Upupe e Papaveri
Upupe e Papaveri
“La linea Gustav tra Cassino e Ortona”, mostra di arte contemporanea dell’artista Alessandro Nardone: un invito fortuito che si trasforma in una splendida occasione di scoperta, di conoscenza, di beltà, di interazione. L’inaspettato diviene possibilità di incontro. Con la persona, con la cultura, con la storia, con la città, con l’arte, con l’artista.

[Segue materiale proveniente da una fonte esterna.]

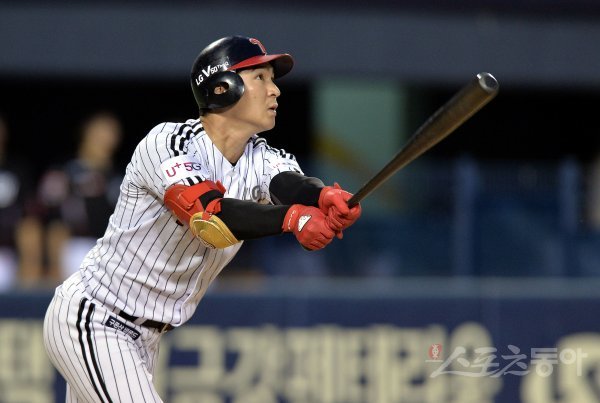 4회말 1사 만루에서 LG 오지환이 우월 만루 홈런을 쏘아 올리고 있다.

Alessandro porge un’accoglienza spontaneamente vigorosa, brillante, briosa, intensa, piena e rotonda. Il suo fare cattura, conquista e trascina fascinosamente nel suo ricco mondo, rivelandosi immediatamente attraverso la sua schiettezza. Una personalità coinvolgente, un animo sensibile, un artista che prima di essere tale ama essere persona, intessendo rapporti semplicemente e naturalmente autentici con chi incontra.

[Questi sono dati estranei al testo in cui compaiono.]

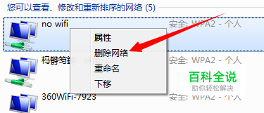 接着来试下密码是否为真的,在无线网络管理中把这个WIFI删除。

Attraverso le opere, poi, si incontra l’artista. L’ arte di Alessandro si palesa agli occhi proprio come la persona: il soggetto pulito, chiaro, evidente, i colori essenziali. Uno scambio continuo tra chiari e scuri, bianchi, neri e grigi che possono arrivare dapprima, a colpo d’occhio, come fredde pennellate senza sensazione ma che un attimo dopo si trasformano in calore puro che arriva e parte allo stesso tempo direttamente al / dal cuore dell’osservatore. Un gioco calibrato, ben pensato, sino a quando si incontrano, oltre alla forma, al soggetto evidente, anzi al segno visibile, altri scenari, altri significati. Le tele catturano l’attenzione nella loro interezza, nella loro completezza. Ammirandole, lasciandosi rapire dalla loro intensità e dalle sensazioni che iniziano a farsi spazio nell’animo, lo sguardo si sofferma sui singoli oggetti/soggetti rappresentati: ecco, allora, che si intravedono altre forme, altri quadri, altri rimandi. Sembra che ogni centimetro di tela possa essere, o diventare, un dipinto a sé. Non solo il manifesto della guerra ma il manifesto dell’anima di ogni uomo dove al visibile agli occhi si affianca una più nascosta e confusa possibilità.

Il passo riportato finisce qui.